Clr4 suppresses centromeric gross chromosomal rearrangements (GCRs) by repressing transcription that is dependent on RNAPII CTD Ser7 and Tfs1/TFIIS. a GCR rates of wild-type, rpb1-S7A, tfs1∆, ell1∆, leo1∆, spt4∆, clr4∆, rpb1-S7A clr4∆, tfs1∆ clr4∆, ell1∆ clr4∆, leo1∆ clr4∆, and spt4∆ clr4∆ strains (TNF5676, 6848, 6688, 7042, 7130, 7055, 5702, 6850, 6726, 7063, 7154, and 7057, respectively). The two-tailed Mann-Whitney test. **P < 0.01, ****P < 0.0001; ns, not significant. b Chromatin immunoprecipitation (ChIP) analysis of RNAPII (Rpb1) and H3 in wild-type, rpb1-S7A, tfs1∆, clr4∆, rpb1-S7A clr4∆, and tfs1∆ clr4∆ strains (TNF5921, 6862, 6722, 5948, 6864, and 6799, respectively). The two-tailed Student’s t-test. *P < 0.05, ***P < 0.001. c Northern blotting using total RNAs prepared from log phase cultures of rpb1-S7A, wild-type, tfs1∆, rpb1-S7A clr4∆, clr4∆, and tfs1∆ clr4∆ strains. Illustrated are the positions of DNA probes used in Northern blotting (magenta bars) and the readthrough transcript of adl1 (a green arrow). RNAs were separated by 1.0% agarose gel under denatured condition, stained with ethidium bromide (EtBr) (the bottom panel), transferred onto a nylon membrane, and hybridized with specific probes (the top panel). Uncropped images of depicted gels and blots are shown in Supplementary Fig. 12. d A model that explains how heterochromatin suppresses GCRs at centromeres. With the aid of the RNAi system, Clr4 catalyzes H3K9 methylation at centromeres. H3K9 methylation marks are recognized by the chromodomain proteins including Clr4, Swi6, Chp2, and Chp1. Both HP1 homologs, Swi6 and Chp2, and an RNAi component Chp1 are required for full suppression of GCRs.
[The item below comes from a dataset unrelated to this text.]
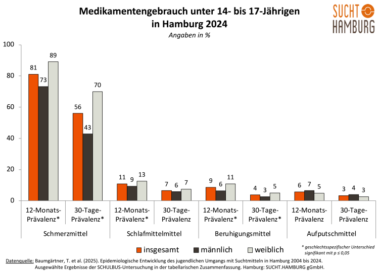 Über 74% der Hamburger*innen haben in den letzten zwölf Monaten mindestens einmal ein Schmerzmittel eingenommen (65,4% Männer vs. 82,9% Frauen). Der Gebrauch von Schlaf- oder Beruhigungsmitteln ist bei 7% der Hamburger Bevölkerung verbreitet (3,4% Männer, 10,6% Frauen), 1,3% gaben an, Anregungsmittel eingenommen zu haben (Männer 2,1%, Frauen 0,5%). Ein problematischer Medikamentengebrauch konnte die Studie bei 11,6% der Hamburgerinnen und 3,5% der Hamburger (insgesamt 7,4%) feststellen.
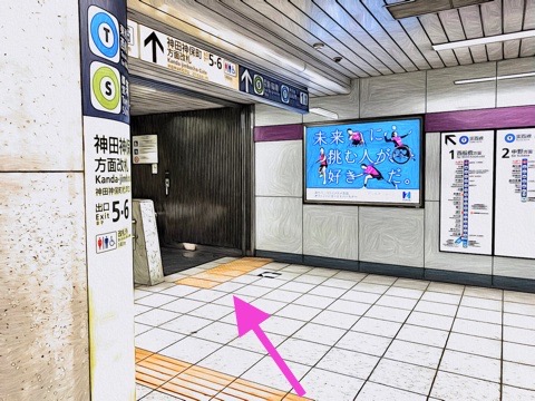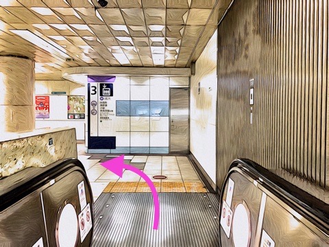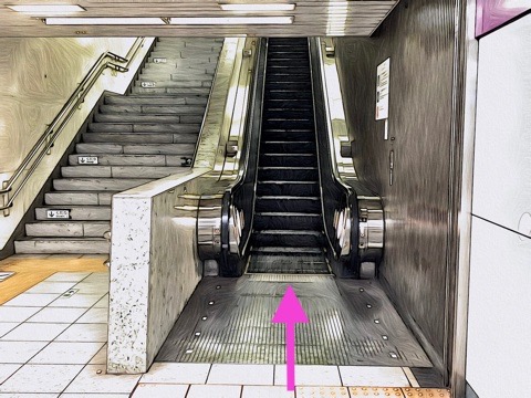 2号車1番扉(先頭から9両目)付近のエスカレーターへ

In addition to the Clr4 recruitment, RNAi machinery may prevent transcription of noncoding RNAs from centromere repeats to suppress GCRs. RNAPII transcription that depends on CTD Ser7, Mlo3, and Tfs1/TFIIS causes centromeric GCRs possibly by removing DNA binding proteins, such as replication factors, from DNA. e Tfs1/TFIIS-dependent transcription might remove the roadblock that binds to DNA and produce R-loops, which facilitate interaction between centromere repeats at non-allelic positions and cause crossover and/or break-induced replication (BIR) that leads to GCRs

To gain insights into how transcription causes GCRs in the absence of Clr4, we disrupted the genes encoding transcription factors Tfs1, Ell1, Leo1, and Spt475. Among them, Tfs1/TFIIS is the only factor that has been shown to facilitate restart of transcription elongation by trimming 3′-ends of nascent RNAs when RNAPII is paused and backtracked on template DNA41,42. In clr4+ cells, spt4∆ increased GCR rate (Fig. 7a, blue dots), probably because spt4∆ impairs transcriptional silencing76. In clr4∆ cells, only tfs1∆ greatly reduced GCR rate (Fig. 7a, magenta dots). In contrast to rpb1-S7A, tfs1∆ did not significantly change RNAPII levels (Fig. 7b, P ≥ 0.22), indicating that RNAPII chromatin binding per se does not cause GCR events. However, tfs1∆ slightly reduced the levels of centromeric noncoding RNAs in clr4∆ cells (Fig. 7c and Supplementary Fig. 9a). Interestingly, tfs1∆ also reduced adl1 readthrough transcripts, suggesting that Tfs1 facilitates transcription passing through termination sites. tfs1∆ did not reduce GCRs in rad51∆ cells (Supplementary Fig. 9b), showing that tfs1∆ specifically suppresses GCRs that occur in heterochromatin-deficient cells. These results suggest that a specific type of transcription elongation that depends on Tfs1/TFIIS causes GCRs at the centromeres.

Discussion

Here, we found that heterochromatin suppresses GCRs mediated by centromere repeats. Deletion of Clr4 or Rik1 strongly increased spontaneous formation of isochromosomes whose breakpoints were located in centromere repeats. Mutations in either the SET domain of Clr4 or H3K9 increased GCR rate, suggesting that Clr4 suppresses centromeric GCRs through H3K9 methylation. HP1 homologs Swi6 and Chp2 and the RNAi component Chp1 were the chromodomain proteins essential for full suppression of GCRs. mlo3∆ and rpb1-S7A impaired chromatin binding of RNAPII and reduced GCRs in the clr4∆ mutant, showing that Clr4-dependent H3K9 methylation suppresses GCRs by repressing RNAPII. Strikingly, deletion of Tfs1/TFIIS, which facilitates restart of paused and backtracked RNAPII, greatly reduced GCRs in the clr4∆ mutant without changing RNAPII chromatin binding levels. These results suggest that heterochromatin suppresses the Tfs1-dependent transcription that leads to GCRs between centromere repeats.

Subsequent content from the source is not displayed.